As to the differences with TS... I think they're playing in similar spaces but the monadic do syntax with Purescript lets you use row polymorphism for effect tracking without having to play weird API tricks. In TS that's going to be more difficult.
(short version: in purescript I could write an API client that tracks its state in the types so that you can make sure you authorize before calling some mechanism. In TS you would need to design that API around that concept and do things like client = client.authorize(). Purescript you could just do "authorize" in a monadic context and have the "context" update accordingly)
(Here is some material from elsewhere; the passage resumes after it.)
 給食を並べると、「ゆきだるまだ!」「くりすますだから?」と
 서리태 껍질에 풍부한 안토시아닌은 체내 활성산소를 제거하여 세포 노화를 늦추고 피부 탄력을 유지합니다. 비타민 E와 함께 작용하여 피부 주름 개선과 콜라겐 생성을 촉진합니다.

I implemented the above as a toy type checker. I found the above combination of features too complicated and they end up being unintuitive for the user: the type errors are difficult to comprehend when type errors are found. My implementation is here: https://gist.github.com/kccqzy/d761b8adc840333af0303e1b822d7... and I mostly followed the paper but I cannot guarantee there aren't bugs.
Not sure if I misunderstand what you mean, but this does not require subtyping. One of the key distinguishing features of row polymorphism is that exactly this can be achieved without subtyping. The extra unused fields (`y` in your example) are represented as a polymorphic type variable _instead_ of using subtyping. See for instance page 7 in these slides: https://www.cs.cmu.edu/~aldrich/courses/819/slides/rows.pdf
The main difficulty I see with row polymorphism is with field shadowing. For example if you have a record with type {a=bool, x=int, c=unit}, then set the x field with type string instead, the new type should be {a=bool, x=string, c=unit}.
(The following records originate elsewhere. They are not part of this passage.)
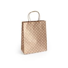 taška z kraftového papíru s ozdobnými metalickými puntíky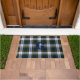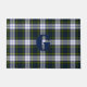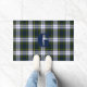 Classic blue, green, yellow, black and white Scottish Gordon Dress tartan plaid door mat.  A bold blue one letter monogram, in the middle of the mat, is ready to personalise.  Great gift idea.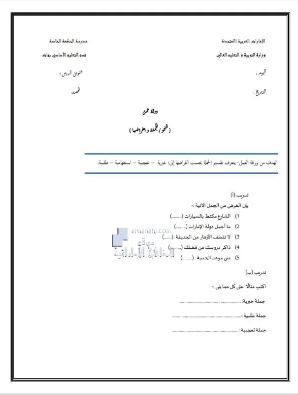تم إيجاد الملف: ورقة عمل نحو الجملة وأغراضها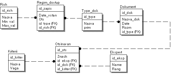 вигляд схеми бази даних (БД) наведено на рис. 2 за допомогою ER (enter-relationship) діаграми. Дана діаграма
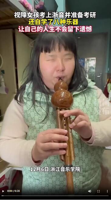 視頻中熟練吹奏8種樂器的視障姑娘叫王怡文
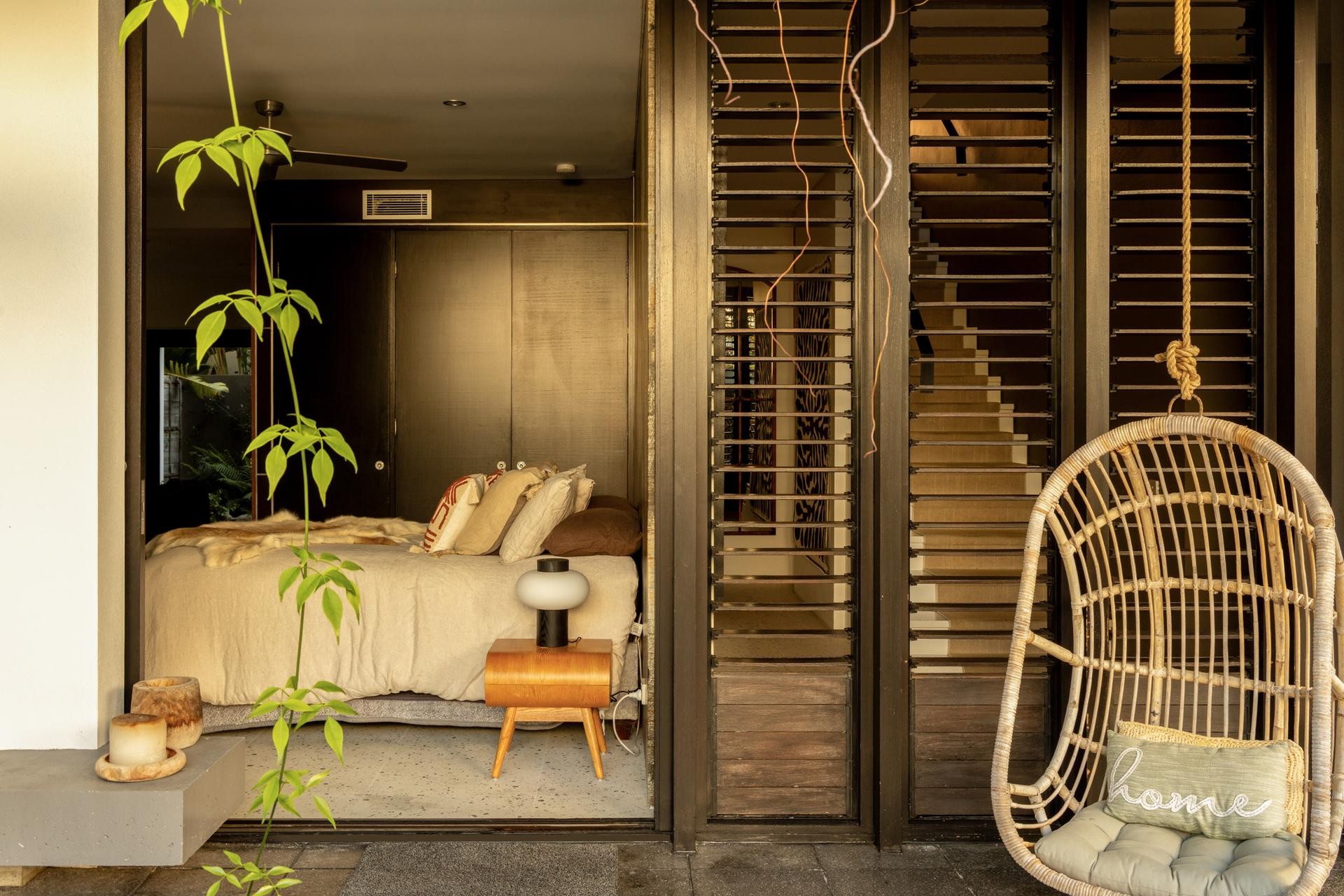 Upstairs, the master retreat spans the length of the home, elevated to capture soft light and water views. Floor-to-ceiling timber louvres provide control over light and privacy, while the suite flows to an expansive private terrace, dual his-and-hers ensuites, a central owner's lounge, and a lavish dressing room-creating a sanctuary of rare sophistication.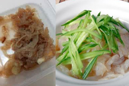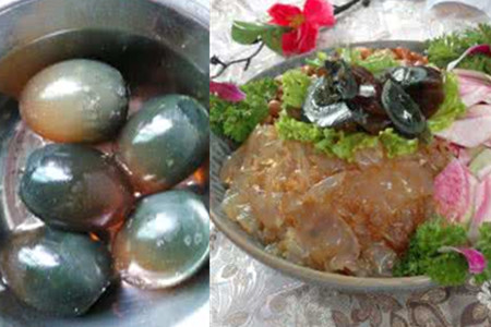 最后,把海蜇皮沥干水分,同皮蛋一起码在盘中,淋上之前调制好的酱料。就可以食用了。
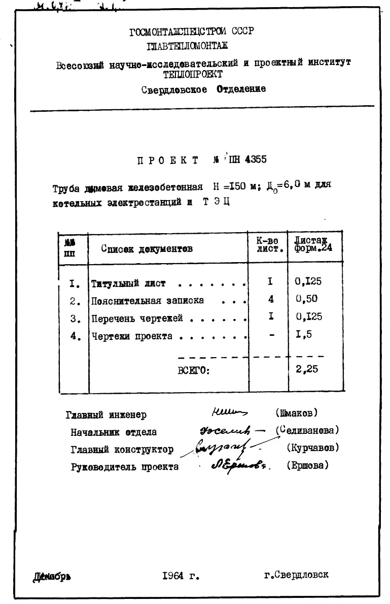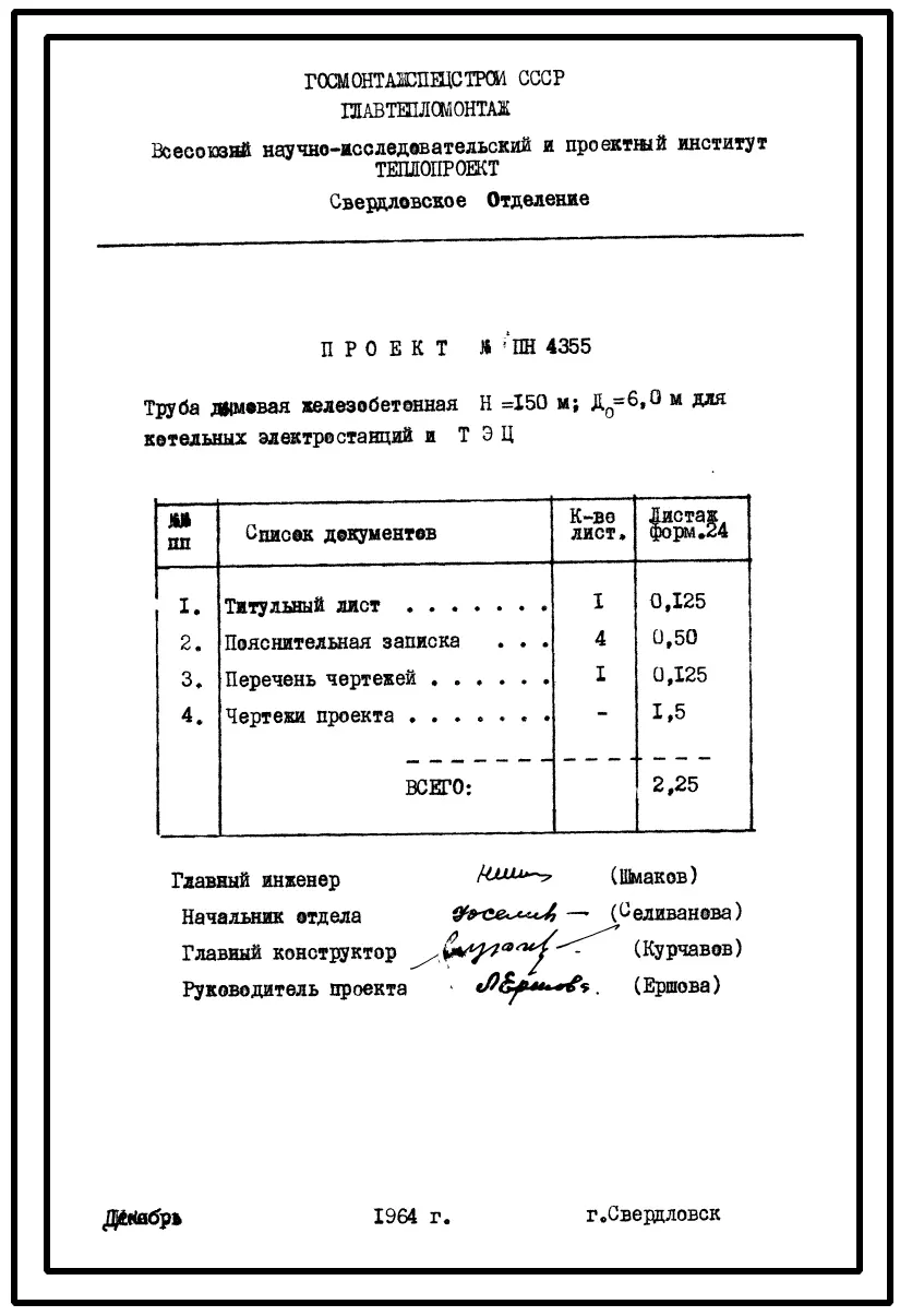 проект 4355 труба дымовая железобетонная н=150м; до=6,0м, для котельных электростанций и тэц.

I suppose if you only have syntax for creating a record with a literal, but do not have syntax for updating an existing record this is not a problem.
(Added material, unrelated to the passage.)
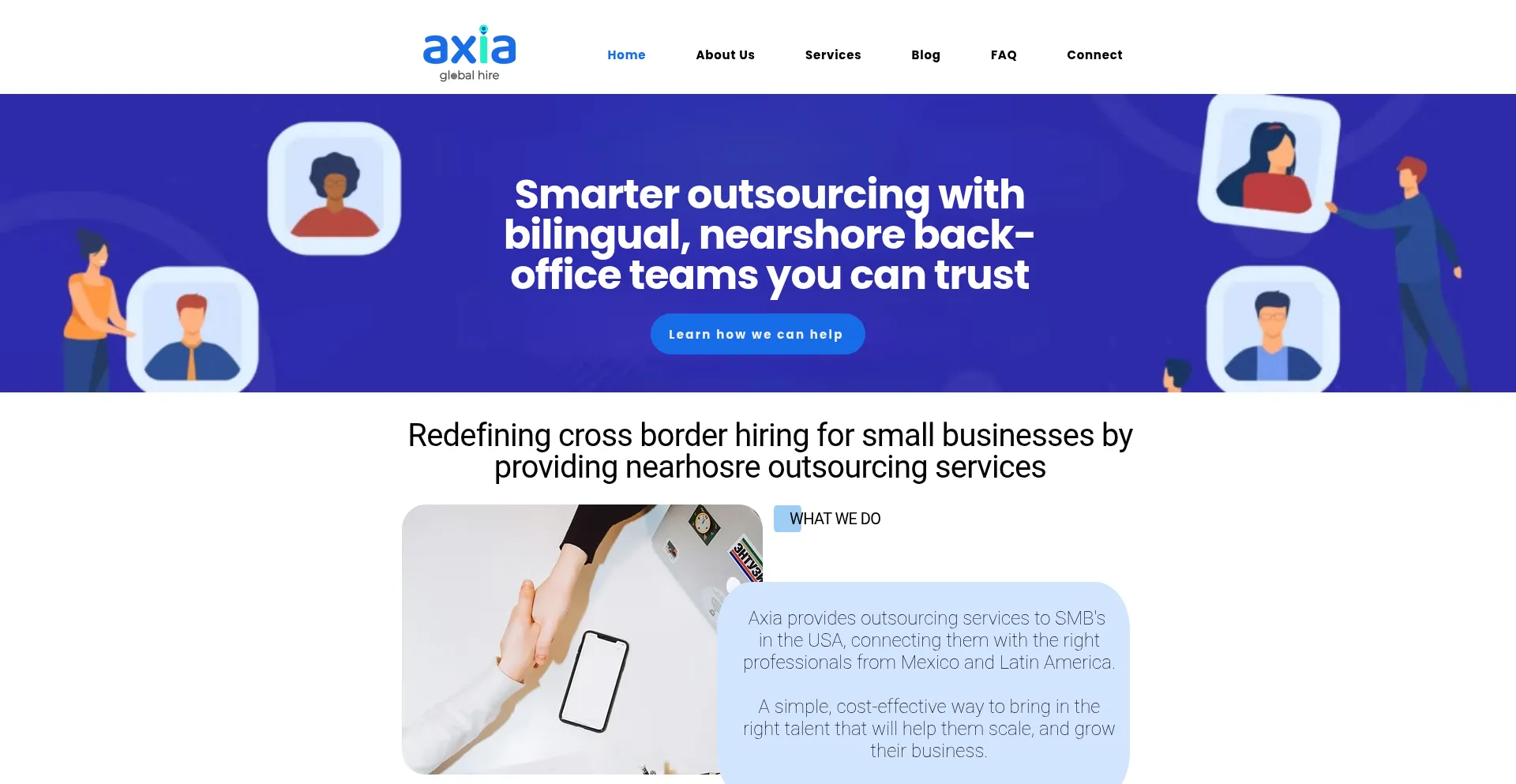 We provide outsourcing services for U.S. small businesses—connecting them with highly vetted nearshore professionals. Ready to hire smarter? Contact us! | Axia Global Hire

Can you explain that a little more? Intuitively I would imagine that those y and z fields would 'disappear' into the rest part.
Without subtyping, the rest part needs to be identical for each element of the list. In fact you cannot even express the concept of a list with different rest parts. The key thing to understand is that the rest part never really disappears. The type checker always deduces what the rest part should be in every case. In languages like Haskell you can work around this by using existential quantification but that's a whole different extension to the type system, and one that's certainly not as flexible as full subtyping.
Yes you can - that's just a existential type. I'm not sure what the syntax would be, but it could be somthing like:
List (exists a : {x=int, ...'a})
(In practice (ie if your language doesn't support existential types) you might need to jump through hoops like: List ((forall a : {x=int, ...'a} -> b) -> b)
or whatever the language-appropriate equivalent is, but in that case your list will have been created with the same hoops, so it's a minor annoyance rather than a serious problem.)If you were to go the other direction and choose only subtyping but not row polymorphism to implement records, then you end up co-opting things like intersection types inappropriately leading to unsoundness.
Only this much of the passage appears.